Exercise: The data below is to be written out exactly, with no pictures.

Records provided:

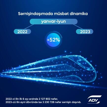 6 İyul 2023 11:17 İqtisadiyyat2023-cü ilin ilk 6 ayı ərzində Azərbaycan dəmir yolları ilə 3 230 728 nəfər sərnişin daşınıb. Bu, 2022-ci ilin müvafiq dövrü ilə müqayisədə 52% artım deməkdir.
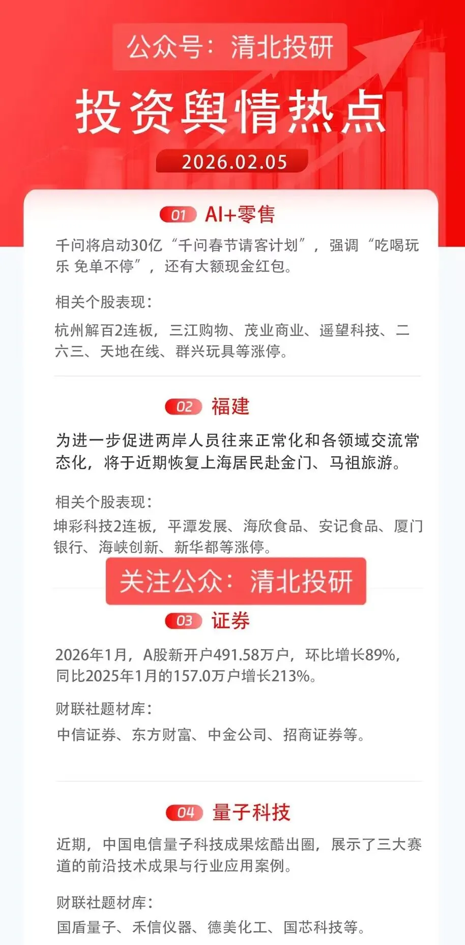 盘面上,影视传媒、旅游、食品饮料、零售、医美、中药等大消费概念全线走强;谷子经济、宠物经济等新消费概念跟涨;银行、券商板块拉升护盘;AI漫剧、AI营销、传媒、AI陪伴等AI应用概念反弹,福建本地、海峡两岸概念拉升,房地产概念持续走强,三胎、创新药、足球振兴等概念表现强势。
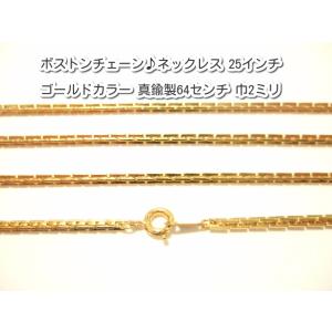 横浜最新 魅惑のボストンチェーン♪ネックレス ゴールドカラー 真鍮製64センチ 巾2ミリ 5本セット メンズレディース 送料220円97
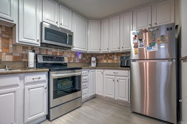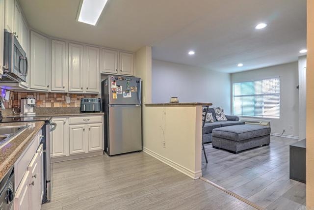 This beautiful condo on ground level features laminate flooring, quarts counter tops, stainless steel appliances, recessed LED lighting, dual pane windows, shaker style cabinets, washer/dryer combo unit in bathroom. Includes two assigned parking spots. Low HOA including water among trash, sewer, maintenance... Easy freeway access
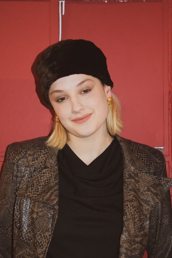 1980's Cowl Neck Black Short Sleeve Dress by Strait Lane. Knee Length.
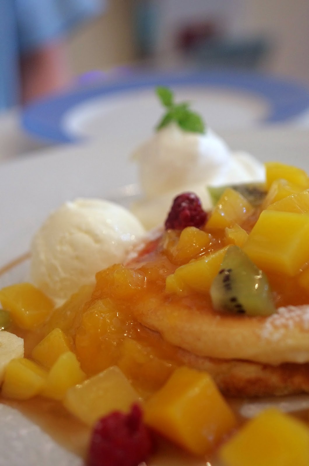 マンゴーやらキウイ、バナナが乗っててスイーツ系パンケーキになります。
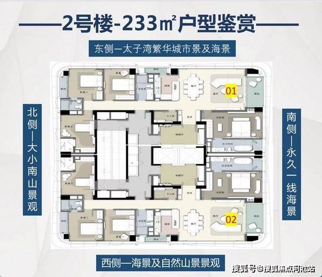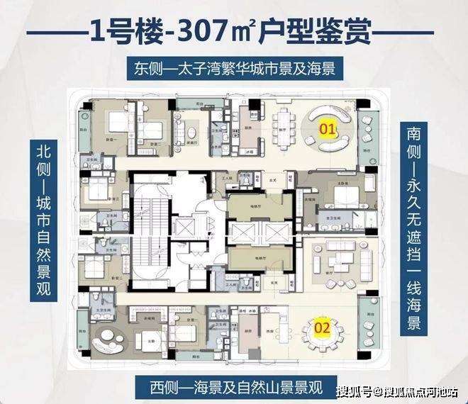 稀缺纯大平层(233-307㎡)公寓产品,为塔尖人物量身定制,打造高端纯粹顶贵圈层。
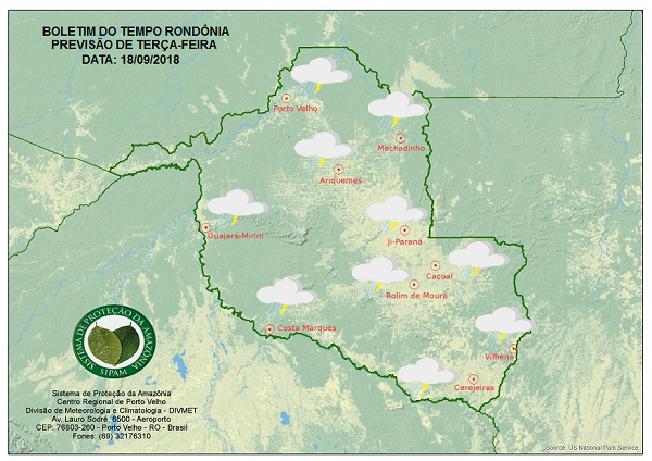 A Divisão de Meteorologia do Sistema de Proteção da Amazônia informa que com o aumento da umidade relativa do ar associada as altas temperaturas, faz com que a terça-feira seja de tempo parcialmente nublado variando a nublado.
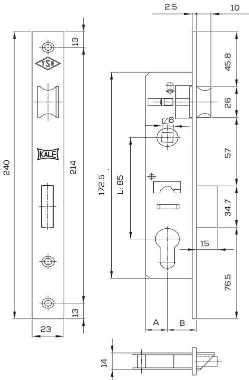 Замок врезной цилиндровый узкопрофильный KALE KILIT 153,85BS35,23NP,w/o SP,w/o Ros,STB
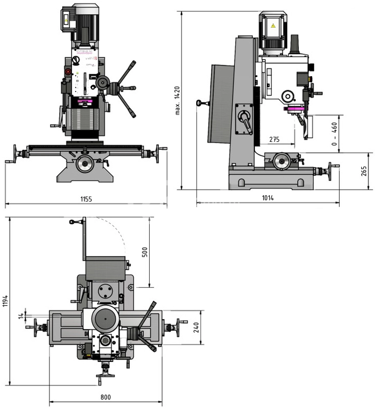 | Макс. расстояние от шпинделя до стола | 460 мм |
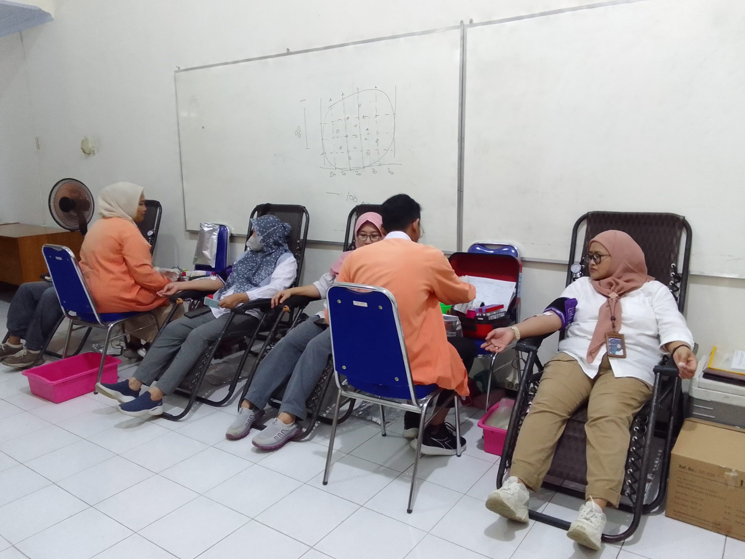 Hadir petugas dari PMI Kabupaten Jombang yaitu Nur Ali, Izzaty khoirina Putri, Eka Sulastiningsih, Aziz Fahrul Prianto.
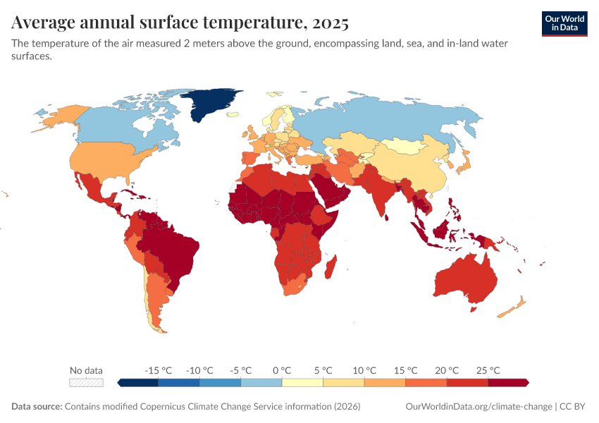 Contains modified Copernicus Climate Change Service information (2025) – with major processing by Our World in Data. “Average annual surface temperature” [dataset]. Contains modified Copernicus Climate Change Service information, “ERA5 monthly averaged data on single levels from 1940 to present 2” [original data]. Retrieved March 10, 2026 from https://who-regions.owid.pages.dev:8789/20260304-094028/grapher/average-annual-surface-temperature.html (archived on March 4, 2026).
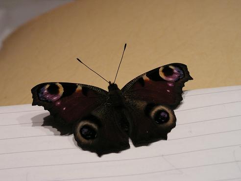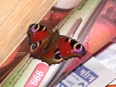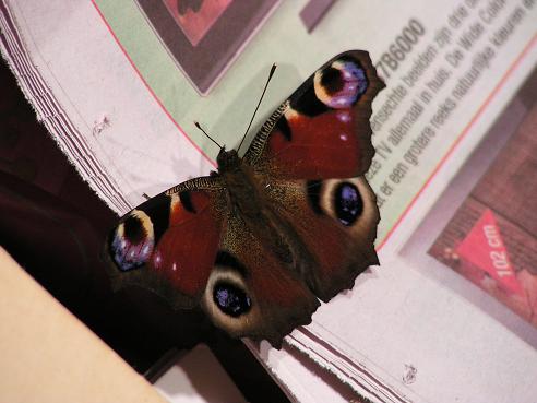 Een paar weken geleden fladderde hij hier ook al een paar keer ’s avonds in de kamer rond. Hij hoort eigenlijk op een koele plek te overwinteren, maar zoekt hier de lampen op.
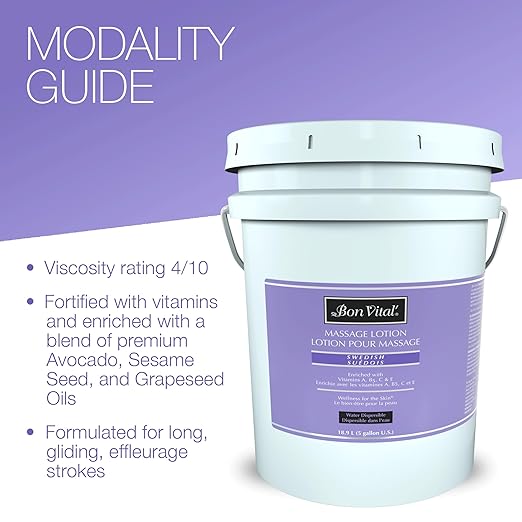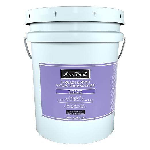 Bon Vital' Swedish Massage Lotion for Skin Tone Improvement, Dry Skin Repair, Increased Circulation, and Stress Relief, Great for Swedish and Sports Massages, 5 Gal, Label may Vary
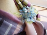 小さい花束のような紫陽花の花をディップアートで作って,ブローチにしてみました。爽やかなパールブルーの紫陽花の中にさし色としてパールホワイトの紫陽花を入れています。
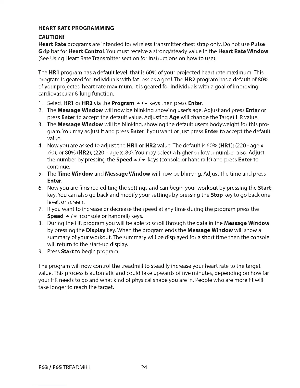 The HR1 program has a default level that is 60% of your projected heart rate maximum.This
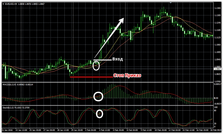 Шаблон Layers на Н1 и Н4 На часовом и четырехчасовом графике шаблон Layers кардинально меняет стратегию со скальпинга на трендовую тактику. Вместо RSI появляется стохастический осциллятор, а вместо Parabolic Sar две скользящие средние. Сигнал на покупку для шаблона Layers на Н1 и Н4: 1) Скользящая средняя с периодом 13 пересекаю скользящую среднюю с периодом 21 снизу вверх. Открываем позицию по закрытой свече, а стоп приказ устанавливаем на локальном минимуме.

Output of the exercise:
 6 İyul 2023 11:17 İqtisadiyyat2023-cü ilin ilk 6 ayı ərzində Azərbaycan dəmir yolları ilə 3 230 728 nəfər sərnişin daşınıb. Bu, 2022-ci ilin müvafiq dövrü ilə müqayisədə 52% artım deməkdir.
 盘面上,影视传媒、旅游、食品饮料、零售、医美、中药等大消费概念全线走强;谷子经济、宠物经济等新消费概念跟涨;银行、券商板块拉升护盘;AI漫剧、AI营销、传媒、AI陪伴等AI应用概念反弹,福建本地、海峡两岸概念拉升,房地产概念持续走强,三胎、创新药、足球振兴等概念表现强势。
 横浜最新 魅惑のボストンチェーン♪ネックレス ゴールドカラー 真鍮製64センチ 巾2ミリ 5本セット メンズレディース 送料220円97
 This beautiful condo on ground level features laminate flooring, quarts counter tops, stainless steel appliances, recessed LED lighting, dual pane windows, shaker style cabinets, washer/dryer combo unit in bathroom. Includes two assigned parking spots. Low HOA including water among trash, sewer, maintenance... Easy freeway access
 1980's Cowl Neck Black Short Sleeve Dress by Strait Lane. Knee Length.
 マンゴーやらキウイ、バナナが乗っててスイーツ系パンケーキになります。
 稀缺纯大平层(233-307㎡)公寓产品,为塔尖人物量身定制,打造高端纯粹顶贵圈层。
 A Divisão de Meteorologia do Sistema de Proteção da Amazônia informa que com o aumento da umidade relativa do ar associada as altas temperaturas, faz com que a terça-feira seja de tempo parcialmente nublado variando a nublado.
 Замок врезной цилиндровый узкопрофильный KALE KILIT 153,85BS35,23NP,w/o SP,w/o Ros,STB
 | Макс. расстояние от шпинделя до стола | 460 мм |
 Hadir petugas dari PMI Kabupaten Jombang yaitu Nur Ali, Izzaty khoirina Putri, Eka Sulastiningsih, Aziz Fahrul Prianto.
 Contains modified Copernicus Climate Change Service information (2025) – with major processing by Our World in Data. “Average annual surface temperature” [dataset]. Contains modified Copernicus Climate Change Service information, “ERA5 monthly averaged data on single levels from 1940 to present 2” [original data]. Retrieved March 10, 2026 from https://who-regions.owid.pages.dev:8789/20260304-094028/grapher/average-annual-surface-temperature.html (archived on March 4, 2026).
 Een paar weken geleden fladderde hij hier ook al een paar keer ’s avonds in de kamer rond. Hij hoort eigenlijk op een koele plek te overwinteren, maar zoekt hier de lampen op.
 Bon Vital' Swedish Massage Lotion for Skin Tone Improvement, Dry Skin Repair, Increased Circulation, and Stress Relief, Great for Swedish and Sports Massages, 5 Gal, Label may Vary
 小さい花束のような紫陽花の花をディップアートで作って,ブローチにしてみました。爽やかなパールブルーの紫陽花の中にさし色としてパールホワイトの紫陽花を入れています。
 The HR1 program has a default level that is 60% of your projected heart rate maximum.This
 Шаблон Layers на Н1 и Н4 На часовом и четырехчасовом графике шаблон Layers кардинально меняет стратегию со скальпинга на трендовую тактику. Вместо RSI появляется стохастический осциллятор, а вместо Parabolic Sar две скользящие средние. Сигнал на покупку для шаблона Layers на Н1 и Н4: 1) Скользящая средняя с периодом 13 пересекаю скользящую среднюю с периодом 21 снизу вверх. Открываем позицию по закрытой свече, а стоп приказ устанавливаем на локальном минимуме.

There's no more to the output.